Do you consider it to be a priority to remain in this home?
Thanks TDA. I have contacted the appropriate company today to find out what happens if I can't remortgage. I think I would have to have my house valued in order to find out what it is worth and then work out the 25% of the current market value. I have a feeling the interest on the 25% would make my mortgage payment a lot more than it currently is.
Because my son is at school I'd rather stay local & don't think I would get a council house anytime soon if I applied. I would have to consider moving if there isn't a valid financial solution to my problem though.
Hi Aitken711,
It sounds like you have found yourself in a bit of a tricky situation unfortunately. It’s a good thing that you are trying to think to the future and about the consequences of the 25% debt to the home builder next year.
I think you will need to establish what your liability will be to the home builder per month in terms of an interest payment. If you find that this is just too much for you then you need to speak with your Trustee about your payments to the Trust Deed and your available options. You could speak with your current mortgage provider to see if you are on the best deal possible as something you can transfer products with the same company onto a better rate.
If ultimately once you need to pay the home builder (even without paying your Trust Deed) you can’t afford to live in the property then you will need to consider your options. This could be looking into the mortgage to rent scheme or worst case scenario it could result in the sale or repossession of the property if you are unable to sustain your mortgage and home builder payments.
Hopefully this helps to give you something to think about and work on over the coming months.
Please let us know how you get on.
David is not currently posting in the Trust-Deed.co.uk forum
Are you receiving child maintenance from your ex-partner, Aitken711? Whilst I appreciate they are in a trust deed too, maybe they will be able to shoulder some of the extra cost too?
Hi all,
Thanks for your replies. I had word back from the company who now deal with the shared equity on the mortagage and they replied with this:
Good morning Stephanie
Thank you for your email.
The amount required to repay your shared equity mortgage is 25% of the current market value of the property at the time of repayment. If you were to sell the property in good faith on the open market, the sale price would be accepted as the market value.
I note from the below that you do not believe you will be in a position to repay the loan at the date which it matures.
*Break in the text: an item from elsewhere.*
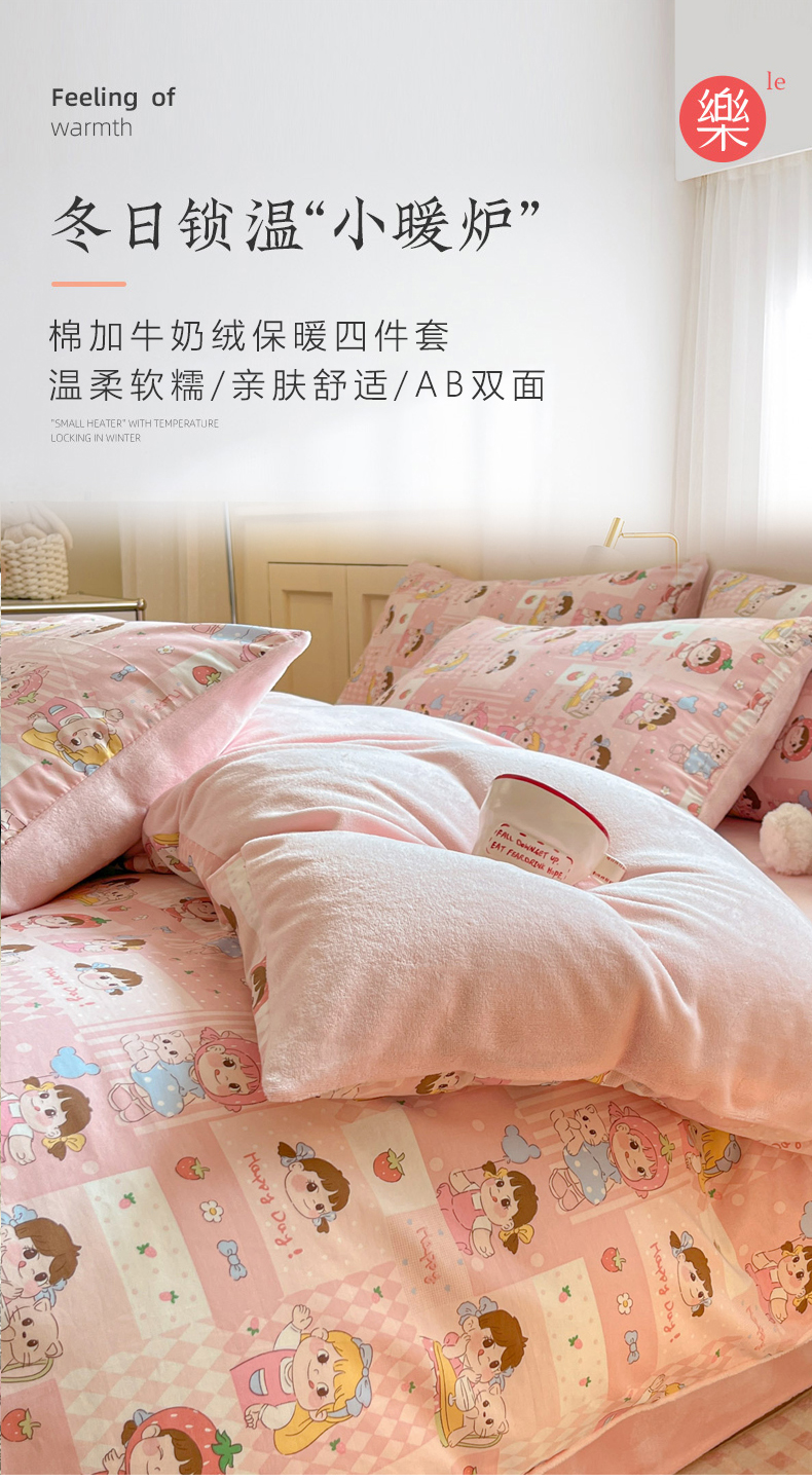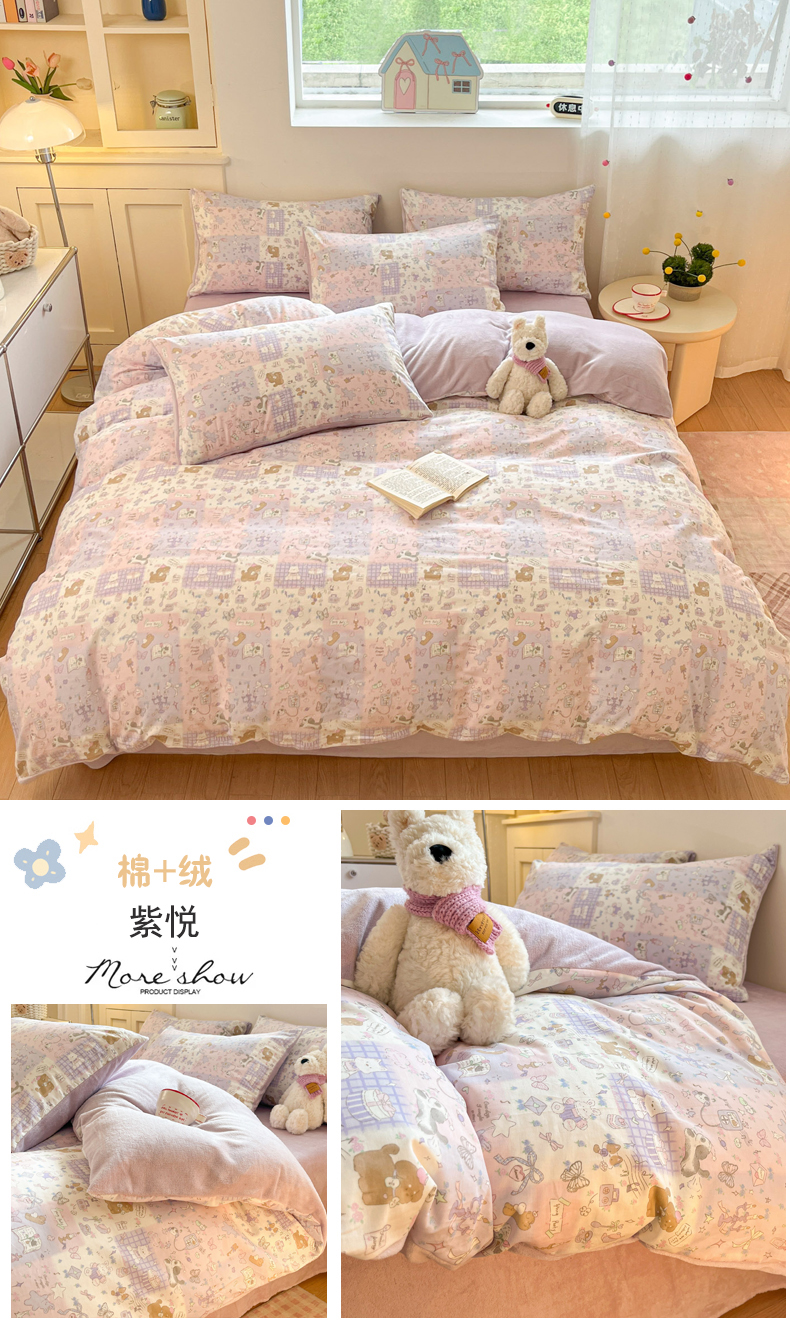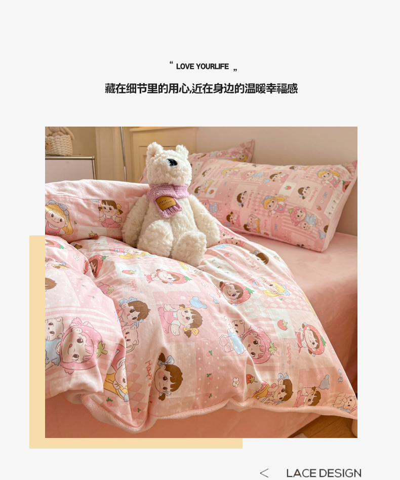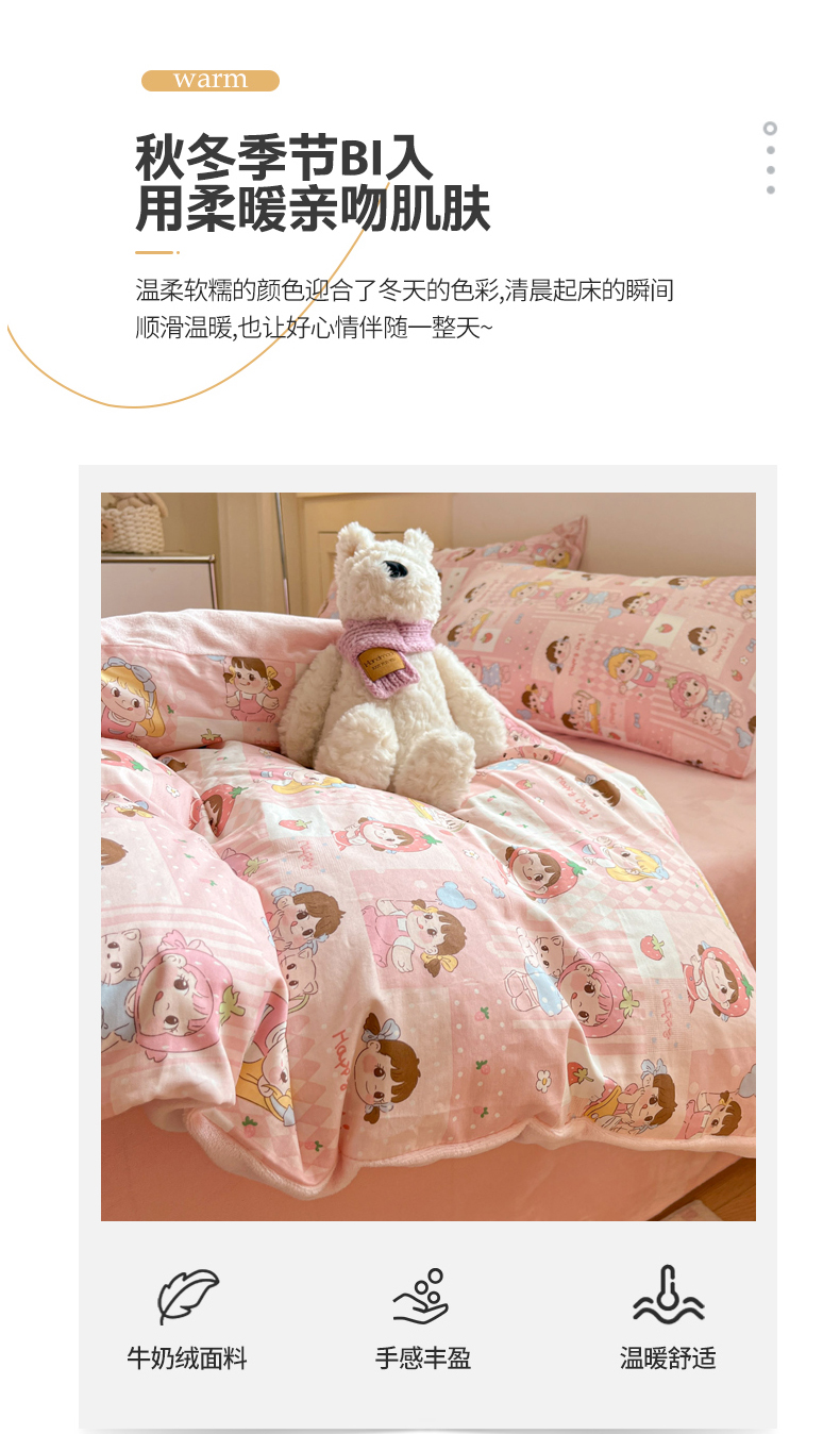 当前位置: 91家纺网 > 商品网购 > 床品套件 > 四件套 > 牛奶绒四件套 > 麦伦家居 2025秋冬新款多功能床品全棉+牛奶绒印花四件套 棒棒糖女孩

There is a provision within the loan agreement for the term of the loan to be extended by a year from the maturity date. It is important to note that any extension under this clause is strictly at Phoenix Shared Equity’s discretion and the loan can only be extended a maximum of five times.
As the maturity date is over a year away, it is too early for us to start looking at this as an option. If you are still in the same position this time next year, then we can start the application process then.
The first step at that time would be for us to establish the market value of the property. In the first instance we request that you obtain three independent estate agent valuations (the type you do not have to pay for) and submit these into us for the consideration of Phoenix. Usually they will take an average of the three valuations received but these will be reviewed in conjunction with their own in house valuation.
Once the repayment amount has been established, Phoenix will require you to meet with a representative from their Field Agent company to run through an income and expenditure report. Phoenix will also require a copy of your most recent mortgage statement.
Please note that although your husband no longer resides at the property, he is still named on the mortgage and is still jointly liable for the sum due at the end of next year. Therefore, it is unlikely that Phoenix would consider extending the term of the loan without Mr Brown’s full co-operation, which would involve being visited by a field agent himself.
In the meantime, I would recommend you seek independent financial advice if you have not done so already.
I hope the above has answered your query, please let me know if you require any further information.
Kind regards,
Hugo Rivero
Having spoken with the bank re: the mortagage they confirmed they wouldn't allow us to remortgage but would possibly allow us to extend the period it is taken out over so as to lower payments if I began to struggle (my rate ends in January which would allow for this without a credit check,) but now I know we should be able to extend the equity for up to 5 years I feel a bit better. I will leave my ex on the mortgage for now so he is required to pay half and any equity owed in future too. He is willing to pay child maintenance aswell...which is the least he could do in the circumstances.
Thanks.
Steph
Hi Aitken711,
I think it sounds positive that they will consider an extension for the repayment of the loan which will provide you with some breathing space short term which could help for you to clear your Trust Deed and then focus on the homebuilder loan.
You are in the right track thinking about all of this right now.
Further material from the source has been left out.